Single by The Icicle Works

from the album The Icicle Works
- B-side: "In the Cauldron of Love"
- Released: 10 June 1983 2 March 1984 (re-issue)
- Recorded: 1983
- Genre: New wave
- Length: 3:45
- Label: Beggars Banquet
- Songwriter: Ian McNabb
- Producer: Hugh Jones

The Icicle Works singles chronology
| "Nirvana" (1982) | "Birds Fly (Whisper to a Scream)" (1983) | "Love Is a Wonderful Colour" (1983) |

= Birds Fly (Whisper to a Scream) =

"Birds Fly (Whisper to a Scream)", given the reversed title "Whisper to a Scream (Birds Fly)" in some markets, is a song by the British band The Icicle Works. It was released in 1983 as the first single from the band's 1984 debut eponymous album The Icicle Works, and re-released in March 1984. The song was written by Ian McNabb, the band's lead singer, and produced by Hugh Jones.

==UK releases==
The recording was initially released as a single in the UK in June 1983 as "Birds Fly (Whisper to a Scream)" on the Situation Two label. This initial release hit #2 on the UK independent charts, and scraped the lower reaches of the UK singles chart at number 89.
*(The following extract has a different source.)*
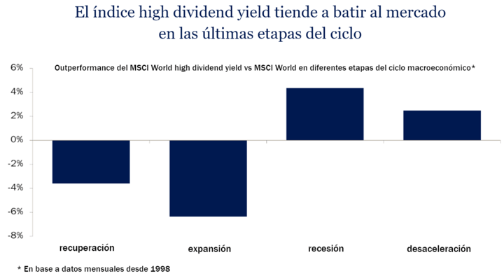 En este clima, las estrategias de dividendos deberían seguir beneficiándose de su carácter defensivo. Además, normalmente se han comportado bien durante las últimas etapas del ciclo, en el que aún nos encontramos.

After the Icicle Works' next UK single "Love Is a Wonderful Colour" hit number 15 on the UK charts in late 1983 and early 1984, Beggars Banquet Records rereleased "Birds Fly (Whisper to a Scream)" in March 1984 with a new cover and B-side. This release climbed to number 52 in the UK. John Peel was an early advocate of the single and played both the A and B side on his show during June and July 1983.

==American release==
The group's American label Arista Records refused to release the record unless some changes were made. The track was remixed slightly in order to remove a brief spoken-word overdub in the opening bars of music (the woman performing this intro was identified only as "Mariella" on the original Situation Two single sleeve). As well, the song title was reversed, becoming "Whisper to a Scream (Birds Fly)" and Arista shortened the band's name to Icicle Works. With changes, the song reached number 37 on the US Billboard Hot 100 chart, and number 34 on Cashbox's singles chart in the summer of 1984. The song also reached number 18 on the Billboard Mainstream Rock chart, number 13 on Billboards dance chart and number 15 on the Radio & Records AOR chart.

==Canadian release==
The Canadian version of the single (credited to The Icicle Works) used the original UK mix with the spoken-word intro, but under the revised American title "Whisper to a Scream (Birds Fly)." This was the most successful commercial release of the single, reaching number 19 on the Canadian chart in the summer of 1984.

==Covers==
English musical trio Soho recorded a version for the soundtrack of Wes Craven's film Scream (1996).

==Track listings==
===1983 release===
7" vinyl
1. "Birds Fly (Whisper to a Scream)" (3:46)
2. "Reverie Girl" (3:54)

12" vinyl
1. "Birds Fly (Whisper to a Scream)" (3:52)
2. "Reverie Girl" (3:55)
3. "Gunboys" (3:44)

===1984 release===
7" vinyl (UK)
1. "Birds Fly (Whisper to a Scream)" (3:48)
2. "In the Cauldron of Love" (3:50)
7" vinyl (Canada)
1. "Birds Fly (Whisper to a Scream)" (3:48)
2. "Scarecrow" (3:06)
12" vinyl (BEG 108T)
1. "Birds Fly (Whisper to a Scream)" (3:48)
2. "In the Cauldron of Love" (3:50)
3. "Scarecrow" (3:06)
4. "Ragweed Campaign" (4:12)
12" vinyl (BEG 108TD)
1. "Birds Fly (Whisper to a Scream)" (3:48)
2. "In the Cauldron of Love" (3:50)
3. "Birds Fly (Frantic Mix)" (5.20)
12" vinyl (BEG 108TR)
1. "Birds Fly (Frantic Mix)" (5:20)
2. "Birds Fly (Whisper to a Scream)" (3:48)
3. "In the Cauldron of Love" (3:50)
4. "Scarecrow" (3:06)
5. "Ragweed Campaign" (4:10)

==Charts==

Chart performance for "Birds Fly (Whisper to a Scream)"
| Chart (1983–1984) | Peak position |
|---|---|
| Canada Top Singles (RPM) | 19 |
| UK Singles (Official Charts) | 53 |
| US Billboard Hot 100 | 37 |
| US Dance Club Songs (Billboard) | 13 |

==Musicians==
- Ian McNabb - vocals, guitar, keyboards
- Chris Layhe - bass, backing vocals
- Chris Sharrock - drums, percussion
- Mariella - spoken word intro (edited out of US single version)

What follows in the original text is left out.